RE: Some Char. to Glyph Statistics, Pan/Single Font

From: Marco Cimarosti (marco.cimarosti@essetre.it)
Date: Thu May 31 2001 - 11:17:31 EDT


Mike Meir wrote:
> The problem with your glyph statistics is that they are based
> on mould counts employed by the Monotype hot metal typesetters.

I agree: no one will ever come up with *the* correct count.

Such general evaluations simply depend on too many things to be useful.
E.g.: which language(s) are targeted, what degree of typographic excellence
is required, and (as Mike explained very well) the kind of technology
involved and its limitations.

The simple fact that software fonts can overlay glyphs can cause a great
factor of reduction, compared to lead type. Similarly, the fact that a
software font technology has the capability of kerning glyphs vertically can
reduce dramatically the inventory of glyphs needed for certain scripts.

Moreover, different technologies may have totally different meanings for the
word "glyph". E.g., I have heard of Arabic fonts that analyze the Arabic
script well under the level of a "grapheme": segments of lines and
individual dots were stored separately and assembled at display time.
Comparing the number of glyphs in such an a font with the inventory of a
more traditional font is what we call "sum up apples and pears".

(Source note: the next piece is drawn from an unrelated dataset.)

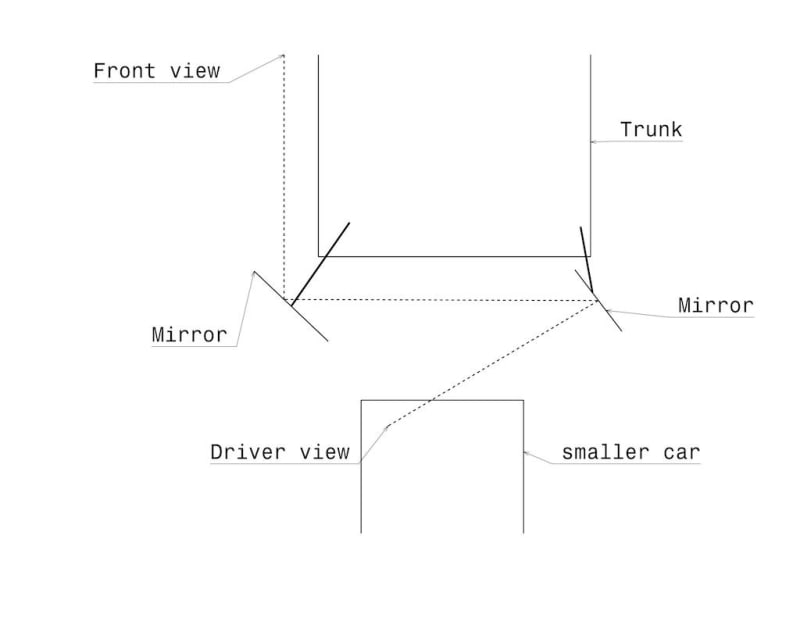 The problem with this solution is that it is not applicable to all types of trucks or buses and it has low durability because of the screens can be damaged easily. This project is about building a mechanism that can replace this device but have more durability and be less costly. This is done by using a periscope principle as seen in the diagram. By installing two mirrors at angle x, the driver of the car can see one of the mirrors clearly. This will function the same as Samsung's solution and will have far less cost and far more durability. It is also can be used in any large vehicle. This is a proposal to Samsung and all the detail design will be uploaded soon.

> Turning to Devanagari, our researches indicate that the total
> number of script units (In Unicode terms, combinations of
> consonants, halants, vowel signs and other signs), excluding
> the Unicode characters in the range 0951 to 0954, in use is
> around the 5550 mark. It is actually greater than this, since
> there are a number of characters relating to Sanskrit sandhi
> for which we do not have any conjunct-vowel statistics.

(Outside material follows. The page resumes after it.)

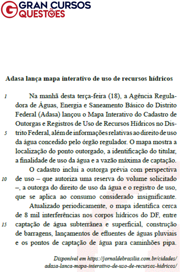 <p>Simulado</p><p>Criado em: 23/10/2024 às 10:14:05</p><p>1. [Q1230638]</p><p>Quanto à tipologia, o texto classifica-se como, essencialmente:</p><p>a ) descritivo.</p><p>b ) narrativo.</p><p>c ) argumentativo.</p><p>d ) injuntivo.</p><p>e ) expositivo.</p><p>Disciplinas/Assuntos vinculados: Língua Portuguesa > Texto expositivo, Tipologias Textuais.</p><p>Fonte: Instituto Americano de Desenvolvimento - IADES 2020 / Agência Reguladora de Águas e Saneamento do Distrito Federal ADASA -</p><p>DF / Regulador de Serviços Públicos - Área Gestão e Regulação / Questão: 1</p><p>2. [Q1230641]</p><p>No período “O cadastro inclui a outorga prévia” (l. 9), caso o termo destacado fosse substituído</p><p>por Grande parte dos cadastros, de acordo com o que prescreve a norma-padrão acerca da</p><p>concordância verbal, a forma verbal “inclui”:</p><p>a ) deveria obrigatoriamente permanecer na terceira pessoa do singular.</p><p>b ) deveria obrigatoriamente passar para a terceira pessoa do plural.</p><p>c ) poderia tanto permanecer na terceira pessoa do singular quanto passar para a terceira</p><p>pessoa do plural.</p><p>d ) não poderia passar para a terceira pessoa do plural.</p><p>e ) não poderia passar para a terceira pessoa do singular.</p><p>Disciplinas/Assuntos vinculados: Língua Portuguesa > Equivalência, substituição, reorganização e transformação de palavras ou</p><p>trechos do texto, Concordância verbal.</p><p>Fonte: Instituto Americano de Desenvolvimento - IADES 2020 / Agência Reguladora de Águas e Saneamento do Distrito Federal ADASA -</p><p>DF / Regulador de Serviços Públicos - Área Gestão e Regulação / Questão: 2</p><p>3. [Q1230643] Na linha 11, a vírgula utilizada é</p><p>a ) obrigatória, pois marca inserção da expressão de natureza adverbial.</p><p>b ) opção estilística do autor.</p><p>c ) opcional, devido ao travessão que também é sinal indicativo de pausa.</p><p>d ) necessária para o deslocamento do sujeito.</p><p>e ) obrigatória para indicar uma enumeração.</p><p>Disciplinas/Assuntos vinculados: Língua Portuguesa > Uso da Vírgula.</p><p>Fonte: Instituto Americano de Desenvolvimento - IADES 2020 / Agência Reguladora de Águas e Saneamento do Distrito Federal ADASA -</p><p>DF / Regulador de Serviços Públicos - Área Gestão e Regulação / Questão: 3</p><p>4. [Q1230644]</p><p>O pronome relativo “que” no trecho “O cadastro inclui a outorga prévia com perspectiva de uso –</p><p>que autoriza uma reserva do volume solicitado” (linhas 9 e 10) desempenha a função sintática de</p><p>a ) sujeito.</p><p>b ) objeto direto.</p><p>c ) objeto indireto.</p><p>d ) complemento nominal.</p><p>e ) predicativo do sujeito.</p><p>Disciplinas/Assuntos vinculados: Língua Portuguesa > Pronomes relativos, Análise sintática.</p><p>Fonte: Instituto Americano de Desenvolvimento - IADES 2020 / Agência Reguladora de Águas e Saneamento do Distrito Federal ADASA -</p><p>DF / Regulador de Serviços Públicos - Área Gestão e Regulação / Questão: 4</p><p>5. [Q1230647]</p><p>Assinale a alternativa que reproduz uma mensagem compatível com a do período “A ação também</p><p>reitera o histórico da Adasa nos últimos anos e atua como base para fortalecer os títulos de agência</p><p>eficiente e transparente” (l. 13 a 15).</p><p>a ) A ação reitera o histórico da Adasa nos últimos anos e atua como base para fortalecer</p><p>também os títulos de agência eficiente e transparente.</p><p>b ) Para também fortalecer os títulos de agência eficiente e transparente, a ação reitera o</p><p>histórico da Adasa nos últimos anos e atua como base.</p><p>c ) Para fortalecer os títulos de agência eficiente e transparente, a ação também reitera o</p><p>histórico da Adasa nos últimos anos e atua como base.</p><p>d ) A ação reitera o histórico da Adasa nos últimos anos e atua como base para fortalecer os</p><p>títulos de agência eficiente e transparente também.</p><p>e ) A ação reitera o histórico da Adasa nos últimos anos e atua como base para também</p><p>fortalecer os títulos de agência eficiente e transparente.</p><p>Disciplinas/Assuntos vinculados: Língua Portuguesa > Norma culta ou norma padrão.</p><p>Fonte: Instituto Americano de Desenvolvimento - IADES 2020 / Agência Reguladora de Águas e Saneamento do Distrito Federal ADASA -</p><p>DF / Regulador de Serviços Públicos - Área Gestão e Regulação / Questão: 5</p><p>6. [Q1230651]</p><p>“A ação também reitera o histórico da Adasa nos últimos anos e atua como base para fortalecer os</p><p>títulos de agência eficiente e transparente” (l. 13 a 15).</p><p>Sob o ponto de vista da estruturação sintática, a oração sublinhada trata-se de uma</p><p>a ) oração subordinada substantiva subjetiva reduzida de infinitivo.</p><p>b ) oração subordinada adverbial condicional.</p><p>c ) oração subordinada adverbial temporal reduzida de infinitivo.</p><p>d ) oração subordinada adjetiva explicativa.</p><p>e ) oração coordenada assindética conclusiva.</p><p>Disciplinas/Assuntos vinculados: Língua Portuguesa > Morfossintaxe do período, Análise sintática.</p><p>Fonte: Instituto Americano de Desenvolvimento - IADES 2020 / Agência Reguladora de Águas e Saneamento do Distrito Federal ADASA -</p><p>DF / Regulador de Serviços Públicos - Área Gestão e Regulação / Questão: 6</p><p>7. [Q1230653]</p><p>As palavras retiradas do texto foram acentuadas com base na mesma regra de acentuação, exceto</p><p>em:</p><p>a ) Águas.</p><p>b ) Básico.</p><p>c ) Título.</p><p>d ) Hídricos.</p><p>e ) Últimos.</p><p>Disciplinas/Assuntos vinculados: Língua Portuguesa > Regras de acentuação, Acentuação gráfica.</p><p>Fonte: Instituto Americano de Desenvolvimento - IADES 2020 / Agência Reguladora de Águas e Saneamento do Distrito Federal ADASA -</p><p>DF / Regulador de Serviços Públicos - Área Gestão e Regulação / Questão: 7</p><p>8. [Q1230656]</p

As an opposite example for Devanagari, I did a little research on my own on
a "minimal rendering scheme" for Unicode Indic scripts. The scenario behind
this evaluation was low-resolution displays or printers and simple bitmapped
fonts.

For Devanagari's 77 characters (non-decomposable L& and M& characters) my
set of glyphs was just 82 pieces. Of course, such a ratio (about 1:1.06)
requires dropping any typographical gracefulness: of all the complexity of
Devanagari, just a handful of half-consonants and ligatures was preserved.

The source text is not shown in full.